Consequently, the hammer 5 having been put in the cocked position
is released from the positional restriction by the rotary lever 26
and rotated in the a direction with the energizing force exerted by
the hammer spring 21 to strike forcibly the movable shooting pin 39
with the upper portion thereof coming close to the cup-shaped
member 16, as shown in FIG. 4. Thereby, the movable shooting pin 39
is moved against the energizing force exerted by the coil spring 40
from the reference position for causing the movable valve 34 to
move from the position for making the lower gas passage 33 closed
to the position for making the lower gas passage 33 open.
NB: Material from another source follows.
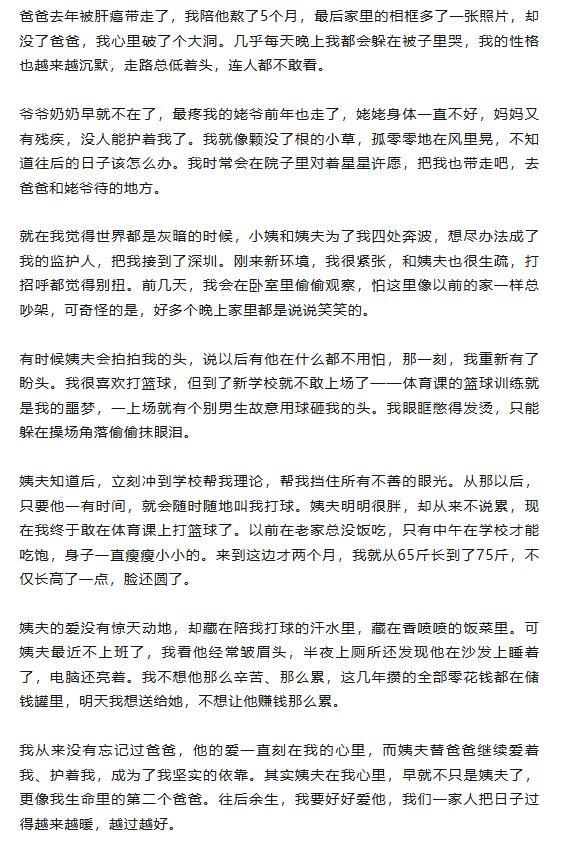 1月3日,“92年小伙看到12岁养女作文后泪崩”的话题冲上热搜,温暖故事感动万千网友。这名出生于1992年的小伙名叫危一,现定居广东深圳。1月2日,他在个人社交平台发布了一段视频,镜头里,他逐字朗读外甥女佳佳写的作文《我的第二个爸爸》,过程中数度哽咽,作文中质朴又真挚的文字,更是戳中无数网友的泪点,这条视频收获超过200万点赞。  视频截图 作文里,佳佳写下了自己的坎坷境遇:在深圳的小姨和姨父四处奔波,最终办理了正式领养手续,成为她的监护人,并将她从山东老家接到深圳生活和学习。佳佳的文字记录了她从最初的孤苦无依、对新环境的陌生与紧张,到逐渐对姨父产生信任与依赖的心路历程。她已将危一视为“第二个爸爸”,甚至心疼他赚钱辛苦,把自己攒了几年的零花钱——共计1321.6元全部送给了他。  佳佳的作文全文 视频意外爆火后,危一和养女佳佳收获全网关注,来自全国各地的关心与鼓励纷至沓来,还有不少人私下联系他,想要转账、寄送物资。对此,危一在1月3日晚再度发布视频回应:“感谢大家的关心,我们目前的能力足以支撑两个家庭的开销,之前工作也攒下一些积蓄,往后我和妻子也会踏实奋斗,把日子过好。”  1月4日,极目新闻记者联系到当事人危一。他坦言,发布这条视频只是想记录生活里的感动瞬间,完全没料到会引发这么大的关注。他同时强调,发视频的初衷绝非卖惨求捐助,“我们靠自己的积蓄,加上政府的补贴,抚养孩子没问题”。 谈及收养佳佳的缘由,危一的语气满是坚定。“是我主动提出来的,没什么犹豫和纠结。”他回忆,那段时间家里接连遭遇变故,两位至亲(佳佳外公和爸爸)相继离世,一家人都沉浸在慌乱与悲痛中。“我觉得作为家里的男人,有责任扛起这份担子,让家人过得更好,所以当即就决定要收养佳佳。”危一坦言,相信换作其他人,遇到这样的情况也会伸出援手。他补充道,佳佳的身世太过坎坷,爸爸、爷爷、奶奶和外公都已过世,妈妈身有残疾,外婆身体状况也不好,家里实在没人能照料她。“我老婆家是两个女儿,没有男丁,我是家里唯一的男丁,这个责任我不担,谁来担呢?”除此之外,危一想给佳佳一个更广阔的天地,“就算她妈妈有能力抚养她,我们也想把她接到大城市,让她见见世面。”  佳佳生活照(受访者提供) 危一告诉极目新闻记者,这篇作文是妻子先发现的,随后拿给自己看。“我一读就忍不住了,尤其是看到她要把攒了这么久的零花钱给我,心里又暖又酸。”他感慨,孩子的压岁钱和零花钱本就不多,却把这份心意看得比什么都重。更让他动容的是,自己平日里的点滴付出,佳佳都默默记在了心里。前段时间,危一失业后转型做自媒体,整日待在家中。佳佳中午、晚上放学回家,察觉到他的状态和以往不同,便悄悄问小姨:“姨父怎么了?”妻子安慰孩子,说姨父只是压力大,让她专心上学就好。“我怎么也没想到,孩子把这件事写进了作文里。”危一坦言,在他看来,这不过是一个男人应尽的责任,“两个家都是家,都得用心维护,这是天经地义的事。” 在照顾佳佳这件事上,危一有着自己的育儿理念——“女儿要富养”。“我带她体验了很多人生第一次,比如爬山、开卡丁车、吃火锅等。”他解释道,所谓的“富养”,不仅仅是物质上的满足,更重要的是精神上的陪伴和滋养。他尽自己最大的努力对她好,也是希望她以后能够明辨是非,不轻易被别人的小恩小惠所欺骗。危一透露,自己本身就十分喜欢孩子,妻子怀孕时,他便翻阅了不少育儿书籍。“我一直认同‘孩子是父母的复印件’这句话,也希望能通过自己的陪伴,弥补佳佳缺失的关怀。”  佳佳生活照(受访者提供) 危一还提到,佳佳也看过那条爆火的视频。1月2日放假在家,她一整天都在翻看网友的评论,眼眶泛红,却强忍着没哭,心里满是感动。他欣慰地说,以前的佳佳胆子特别小,在商场里想上厕所,都不敢去服务台询问,如今的她变得开朗大方,也敢于表达自己的想法。危一有一个3岁的儿子,佳佳对弟弟格外疼爱,姐弟俩相处得十分融洽,“两个孩子一起长大,能互相陪伴,也会变得更开朗,更懂得分享。”  1月5日,极目新闻记者注意到,危一的自媒体账号目前已有9.9万粉丝,共发布了3条视频。账号简介里写着:“在南山做了6年的房产总监,放下领导情结,从零开始,听老婆话,挑战自己,学习做自媒体。”危一表示,自己原计划做房地产相关的内容分享,如今看到这么多网友关心佳佳的成长,他也萌生了新的想法,或许会记录孩子成长的重要时刻,比如生日、打篮球的瞬间等,不过目前还没有最终确定。 至于佳佳送给他的1321.6元零花钱,危一表示,这笔钱他既不会用,也舍不得用。“我打算好好存起来,等到以后某个特别的时刻,再原封不动地还给她。”这个小秘密,他至今还没告诉佳佳。  佳佳生活照(受访者提供) 据《第一现场》报道,佳佳曾坦言,是姨父一家人无微不至地照顾,让她对生活重拾希望。2025年9月,她在深圳市福田区顺利入学。在佳佳心中,她早已把姨父一家当成了自己的第二任父母。“我的零花钱攒了两三年,虽然有点舍不得,但我就是想拿出来支持姨父的事业。”佳佳说,“我的爸爸以前也很疼我,现在姨父接过了爱我的责任,所以,他就是我的第二个爸爸。” 据央视网报道,34岁的危一原籍山东,现在深圳生活。2024年,佳佳11岁时,其父亲因肝癌去世,母亲身有残疾

With the
movement of the movable valve 34 to the position for making the
lower gas passage 33 open, a locking member 55 provided below the
rod 34A incorporated with the movable valve 34 is moved upward with
energizing force exerted by a coil spring 56 to engage with the
rear end portion of the rod 34A for putting the movable valve 34 in
positional restriction at the position for making the lower gas
passage 33 open.
[0051] Immediately after the lower gas passage 33 is made open by
the movable valve 34, gas discharged from the pressure accumulating
chamber 32 is supplied through the gas leading passage constituted
with the lower and upper gas passages 33 and 35 to the inner space
formed in the movable member 17. In the inner space formed in the
movable member 17, the gas is led through the connecting gas
passage 43 and the first gas passage 41 made open by the valve 51A
of the gas passage controller 51 to the bullet holding chamber 4.
The gas flowing through the first gas passage 41 is straightened by
the flow straightener 51C of the gas passage controller 51.
[0052] The gas led to the bullet holding chamber 4 exerts pressure
of gas to the sham bullet BB put in the bullet holding chamber 4.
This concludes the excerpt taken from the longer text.